I got rich by buying stocks instead of buying new cars. Some of it was luck, but mostly just recognizing what companies seemed to have their act together and buying their stock. I bought Texas Instruments, John Fluke, IBM, Hexcel, and others. And bought S & P 500 index funds in my 401K . I also bought a little Nucor stock when it was Nuclear Corp of America. Should have lost my ass on that, but it turned out okay.
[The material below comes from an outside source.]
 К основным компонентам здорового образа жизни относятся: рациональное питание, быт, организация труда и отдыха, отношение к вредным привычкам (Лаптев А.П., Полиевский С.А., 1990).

It is really easy to get rich, but you need to start early.

Dan
 
On Sat, 29 Aug 2015 17:29:30 -0500, John Fields
<jfields@austininstruments.com> wrote:

On Sun, 23 Aug 2015 17:12:49 -0700 (PDT), Bill Sloman
bill.sloman@gmail.com> wrote:


James Arthur's fond conviction that the rich should be allowed to get even richer at everybody else's expense is roughly what you'd expect from somebody who managed to get rich enough to retire at 34, but it doesn't seem to be a good way to generate persistent economic growth.

---
The rich don't get rich by being "allowed" to get rich, they formulate
a plan, take the reins, and drive relentlessly toward their goal, a
la: "Damn the torpedos, full speed ahead."
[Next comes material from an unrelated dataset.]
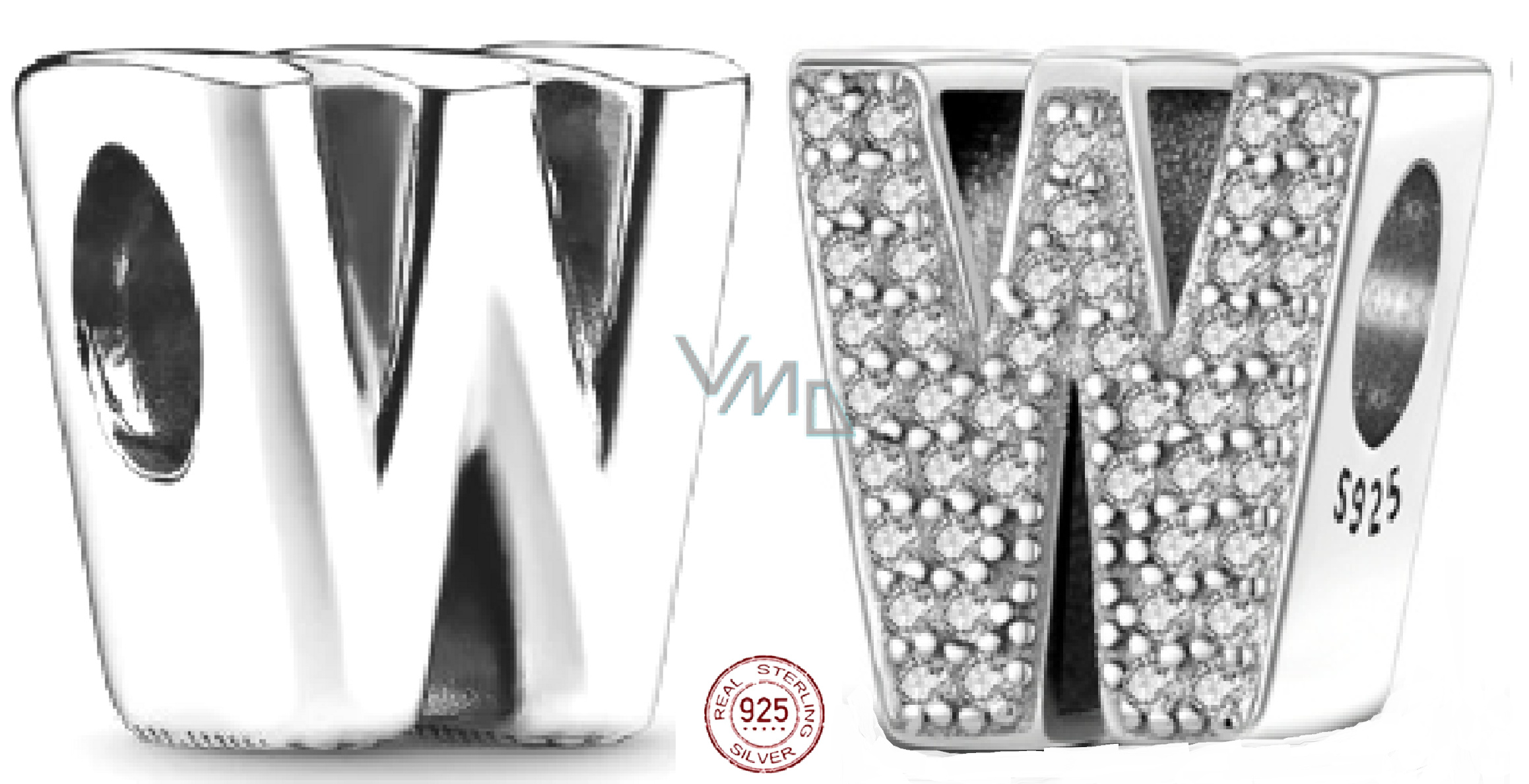 Charm Sterlingové stříbro 925 Abecední písmeno W, korálek na náramek

Some people get rich as a by-product of building things that they have
a passion for. Of course, some other people get rich because all they
care about is wealth and power. Public policy seems to favor the
latter.

You resent the rich because you didn't have the balls to go for the
prize when you could, and now it's too late for you to do anything but
kvetch about how - if you'd only been given permission - you could be
as important as your alliance allowed.

John Fields

Rich people organize ordinary people to get stuff done. Humans are
tribal and need leaders.

And rich people are the only people who can defer significant
consumption in favor of investment.

I don't know why so many people resent the rich. Rich people's wealth
is mostly stock shares, which are just pieces of paper. A billionaire
doesn't eat a hundred times as much as the average person, and doesn't
live in a million square foot house.
 
On Sat, 29 Aug 2015 17:32:55 -0700, John Larkin
<jjlarkin@highNOTlandTHIStechnologyPART.com> Gave us:

Rich people organize ordinary people to get stuff done. Humans are
tribal and need leaders.

You ain't one.
 
On Sunday, August 30, 2015 at 9:36:47 AM UTC-4, DecadentLinuxUserNumeroUno wrote:
On Sat, 29 Aug 2015 20:03:43 -0700 (PDT), "dcaster@krl.org"
dcaster@krl.org> Gave us:

I got rich by buying stocks instead of buying new cars.
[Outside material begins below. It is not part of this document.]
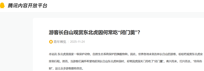 本站讯 东北虎是国家一级保护动物,自然生态系统保护的旗舰物种。因此,世界各地来到吉林长白山的游客,纷纷把观赏东北虎安排到行程。然而,当游客们满怀希望地赶到长白山东北虎林园时,却常因虎园关门而吃了“闭门羹”。高兴而来,扫兴而去,“劳民伤财”,这让众多游客颇有怨言。

It certainly wasn't from interpreting Usenet posts. Larkin did not
post that, ya dope.

What is your point?

Dan
 
On Sunday, August 30, 2015 at 11:16:26 AM UTC-4, John Larkin wrote:

I don't think that buying established stocks, getting rich that way,
does society much good. Except for new issues, the stock market is
mostly a gambling pool.

I disagree with you there. Investing in the stock market does involve a little risk, but it is not much of a gamble. If you buy say ten stocks, there is almost no gamble. One or two may go belly up, but it is extremely unlikely that all will. And you will be better off than if you put your money in a savings account.

You are buying shares of a company. So does the company do society much good?
Do you think Texas Instruments does society much good? Anyway investing in existing companies may not do society much good, but it certainly does not do society much harm.

And consider there would be no new issues unless there was a market for the shares of companies after the initial offering.

Sure inventing a new product, may be better for society, but realistically how many folks are going to do that. And just because you own stocks , does not mean you can not do something that helps society. I volunteer at a local museum and work at the friends of the library book sale.